### INSTRUCTIONS FOR THE TASK:
Could you set down the lines from the first line of the entries below through the line with "DCS 573 NT dwdcs573nt-xj", exactly and with no pictures?

### Stored data:
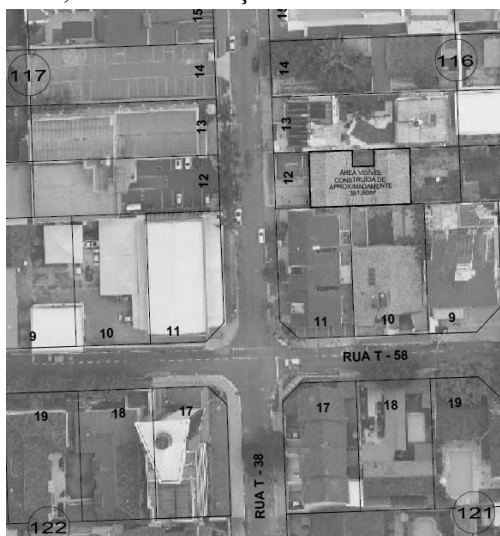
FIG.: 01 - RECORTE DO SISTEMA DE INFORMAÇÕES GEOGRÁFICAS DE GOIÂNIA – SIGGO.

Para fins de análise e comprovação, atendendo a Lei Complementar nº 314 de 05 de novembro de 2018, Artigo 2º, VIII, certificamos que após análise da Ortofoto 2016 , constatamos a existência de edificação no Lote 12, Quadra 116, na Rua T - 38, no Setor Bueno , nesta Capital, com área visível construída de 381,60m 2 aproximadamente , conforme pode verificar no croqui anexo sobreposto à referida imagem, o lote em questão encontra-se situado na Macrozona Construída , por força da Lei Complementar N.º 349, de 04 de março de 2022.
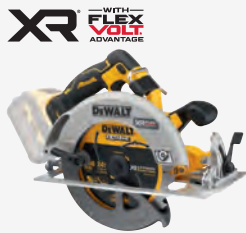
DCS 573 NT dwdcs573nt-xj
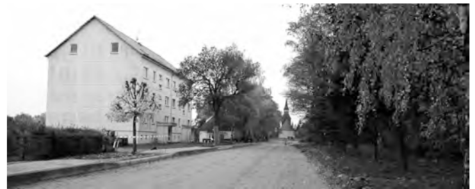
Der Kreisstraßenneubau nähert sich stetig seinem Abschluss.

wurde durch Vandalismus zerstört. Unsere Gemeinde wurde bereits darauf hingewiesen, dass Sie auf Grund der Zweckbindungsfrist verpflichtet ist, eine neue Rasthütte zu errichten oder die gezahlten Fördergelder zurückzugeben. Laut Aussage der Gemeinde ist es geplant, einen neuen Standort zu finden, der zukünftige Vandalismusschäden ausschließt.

### EXERCISE RESULT:
FIG.: 01 - RECORTE DO SISTEMA DE INFORMAÇÕES GEOGRÁFICAS DE GOIÂNIA – SIGGO.

Para fins de análise e comprovação, atendendo a Lei Complementar nº 314 de 05 de novembro de 2018, Artigo 2º, VIII, certificamos que após análise da Ortofoto 2016 , constatamos a existência de edificação no Lote 12, Quadra 116, na Rua T - 38, no Setor Bueno , nesta Capital, com área visível construída de 381,60m 2 aproximadamente , conforme pode verificar no croqui anexo sobreposto à referida imagem, o lote em questão encontra-se situado na Macrozona Construída , por força da Lei Complementar N.º 349, de 04 de março de 2022.
DCS 573 NT dwdcs573nt-xj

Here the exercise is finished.